* _DATASET CONTENT_
%%

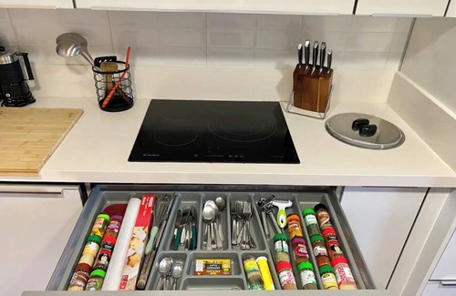 air conditioning and a desk are featured at this 3-bedroom, 25-bathroom rental. Bathroom amenities include a hair dryer, towels, and toilet paper. The kitchen is equipped with an oven, a refrigerator, and a dishwasher, as well as a coffee maker, a microwave, and cookware. And because there's access to laundry facilities, you can go a bit lighter on your packing.
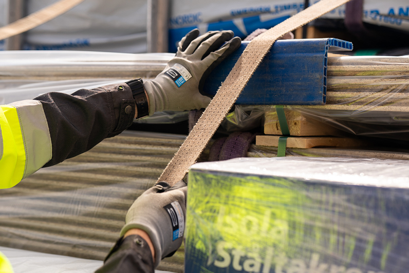 Å være sjåfør av byggevarer er ikke som å kjøre paller fra et lager til et annet. Ingen lass er like. Man har alt fra trelastpakker, platepakker, store skyvedører og lange i-bjelker til små spikerpakker, og sjåførene må kunne organisere lasten på bilen slik at man forhindrer skader.
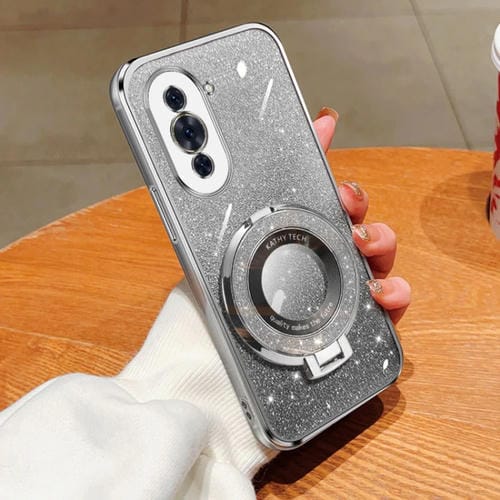 - 1x Funda de TPU con Soporte Redondo y Purpurina Degradada para Huawei Nova 10 Pro (Plateada)

%%

* _REQUIRED WORK_
The whole listing above must be set down again exactly, but without its images.

* _TASK SOLUTION_
 air conditioning and a desk are featured at this 3-bedroom, 25-bathroom rental. Bathroom amenities include a hair dryer, towels, and toilet paper. The kitchen is equipped with an oven, a refrigerator, and a dishwasher, as well as a coffee maker, a microwave, and cookware. And because there's access to laundry facilities, you can go a bit lighter on your packing.
 Å være sjåfør av byggevarer er ikke som å kjøre paller fra et lager til et annet. Ingen lass er like. Man har alt fra trelastpakker, platepakker, store skyvedører og lange i-bjelker til små spikerpakker, og sjåførene må kunne organisere lasten på bilen slik at man forhindrer skader.
 - 1x Funda de TPU con Soporte Redondo y Purpurina Degradada para Huawei Nova 10 Pro (Plateada)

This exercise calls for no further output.